This series makes it clear that the entire show is about trauma that all the characters traumatized by crashing on the island suffered before even getting on the flight, so all the flashbacks are horrible and traumatic and relate to that character's place on the island. And it also traces individual character arcs across seasons and the series so I found it super interesting.
posted by hippybear at 4:30 PM on August 12, 2022 [3 favorites]


How lost should have ended.

Was going to rewatch either Lost or Fringe

I'm at Brown Betty.
posted by clavdivs at 4:30 PM on August 12, 2022 [1 favorite]


I liked the characters and learning more about them than I ever liked the puzzle-box aspect.
posted by Ivan Fyodorovich at 4:58 PM on August 12, 2022 [4 favorites]


Spoiler alert:

The "Smoke Monster" was really all of the crystal meth and crack that Abragraham and Shamemalaligned we're binge smoking in the writer's room as fast as they could cash the checks.
posted by loquacious at 5:06 PM on August 12, 2022 [1 favorite]


The problem with Fringe is that both I and the culture are in a different place WRT consent.
posted by wotsac at 5:11 PM on August 12, 2022 [4 favorites]


qntm's piece is great; I am completely over the mystery box thing. It's hackery and is IMO shows contempt for the audience. IMO this is why people wound up loathing BSG so much - "...and they have a plan" my ass.
posted by microscone at 5:15 PM on August 12, 2022 [8 favorites]


Churl is right. Comments that focus on Abrams or how the ending was exactly what the showrunners said it wasn’t just tell me you didn’t watch the show. Happy for your opinion but, y’know, you didn’t watch it.
posted by Foaf at 5:19 PM on August 12, 2022 [3 favorites]


Spoilers follow

Indeed. The last season of the show had, instead of flashbacks, glimpses of a world in which they never crashed on the island, and that turned out to be purgatory. The main events of the show that took place over six seasons weren't purgatory, they were a strange story about a magic island and the war for control of it waged between its protector spirit and his evil brother and how various unfortunate people were drawn into and often destroyed by that conflict.
posted by timdiggerm at 5:37 PM on August 12, 2022 [11 favorites]

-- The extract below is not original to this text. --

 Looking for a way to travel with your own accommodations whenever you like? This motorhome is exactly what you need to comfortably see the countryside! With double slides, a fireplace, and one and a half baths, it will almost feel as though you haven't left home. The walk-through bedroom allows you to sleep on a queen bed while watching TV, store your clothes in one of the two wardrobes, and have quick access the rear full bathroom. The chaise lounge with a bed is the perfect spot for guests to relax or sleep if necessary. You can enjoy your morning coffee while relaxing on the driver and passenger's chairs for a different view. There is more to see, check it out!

One thing I am unable to relate to people who weren't watching LOST as it aired on weekly broadcast was the ARG* aspect of the first few seasons. [Alternate Reality Game]
That was fun, and helped reverse the now-common effect of puzzle-box 'it's all about the lore' shows.

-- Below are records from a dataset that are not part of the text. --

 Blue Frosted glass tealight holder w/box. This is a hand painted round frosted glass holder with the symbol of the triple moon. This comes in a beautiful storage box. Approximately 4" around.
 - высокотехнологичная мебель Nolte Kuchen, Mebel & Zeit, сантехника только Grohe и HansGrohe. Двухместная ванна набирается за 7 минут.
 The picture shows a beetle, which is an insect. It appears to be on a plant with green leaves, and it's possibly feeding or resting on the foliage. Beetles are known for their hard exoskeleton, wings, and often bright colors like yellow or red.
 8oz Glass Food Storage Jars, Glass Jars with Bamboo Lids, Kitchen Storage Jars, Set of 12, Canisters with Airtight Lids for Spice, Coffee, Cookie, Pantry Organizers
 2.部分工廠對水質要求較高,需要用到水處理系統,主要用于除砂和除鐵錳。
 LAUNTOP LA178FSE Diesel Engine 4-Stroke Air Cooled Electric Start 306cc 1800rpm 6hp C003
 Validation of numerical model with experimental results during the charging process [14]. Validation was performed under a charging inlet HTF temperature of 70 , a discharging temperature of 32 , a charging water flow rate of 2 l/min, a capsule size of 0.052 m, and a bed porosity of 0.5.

It was also, I suppose, a product of the late days of home video recording and early days of home internet and normies on web forums sharing fan theories and puzzle clues/solutions.

You're watching a show about the mysterious crash of Oceanic 815, and a commercial break contains an ad for Oceanic Airlines. You rewind and find a URL, and end up at a fake airline site sprinkled with easter eggs and little hints of what's coming next. Or 'Call this 800 number to apply for a position at The Hanso Foundation today!' with a recording of a numbers station that decodes to etc,etc.

That was quite fun, if you enjoyed that sort of thing. But it didn't last, and can't really be re-created binge-watching on a streaming service.
posted by bartleby at 5:45 PM on August 12, 2022 [6 favorites]


We don't *need* to go back, do we? Otoh, BSG was a pretty good rewatch - especially if you just ignore all the woo. Though that's basically impossible with Lost
posted by DeepSeaHaggis at 6:05 PM on August 12, 2022


Driveshaft was not a good band.

But I guess they were good enough that I remembered the name of Charlie's band, as well as the song name, You All Everybody."

I've never tried to rewatch Lost but this post might just get me off the fence.
posted by emelenjr at 6:12 PM on August 12, 2022 [4 favorites]


I didn't watch this when it first aired because I thought it was a reality show! Years after it wrapped up I found it and watched most of the way trough. Loved the beginning but ultimately didn't finish, mostly due to how the story got all weird and disconnected. I'm intrigued by the videos in the post but honestly as interesting as it sounds I doubt I'm going to make it through a 3-hour yt. Favoriting though for when the time comes!
posted by achrise at 7:05 PM on August 12, 2022


@Deep - but the cylons... HAVE A PLAN..? Ugh. Well, despite actual lack of a plan, I have rewatched BSG multiple times. Enough of it is really good that it doesn't matter by the end. Actually if they just left PLAN! out of the intros it might have been ok. Well maybe all the weirdness with Starbuck and visions and Hera (somehow) could have been left out.

re: LOST - When it first came out I thought it was the best thing I ever saw on network tv up to the writer's strike.
posted by bitterkitten at 7:12 PM on August 12, 2022


I always love the people who say, "If you thought the final season / episode sucked then you weren't watching it right!"

Seriously? 90% of people hated the ending. That doesn't mean they weren't good at watching. It means the writers weren't good at writing.

To this day, Damon Lindelof's name in the credits makes me instantly turn shit off.
posted by dobbs at 7:23 PM on August 12, 2022 [2 favorites]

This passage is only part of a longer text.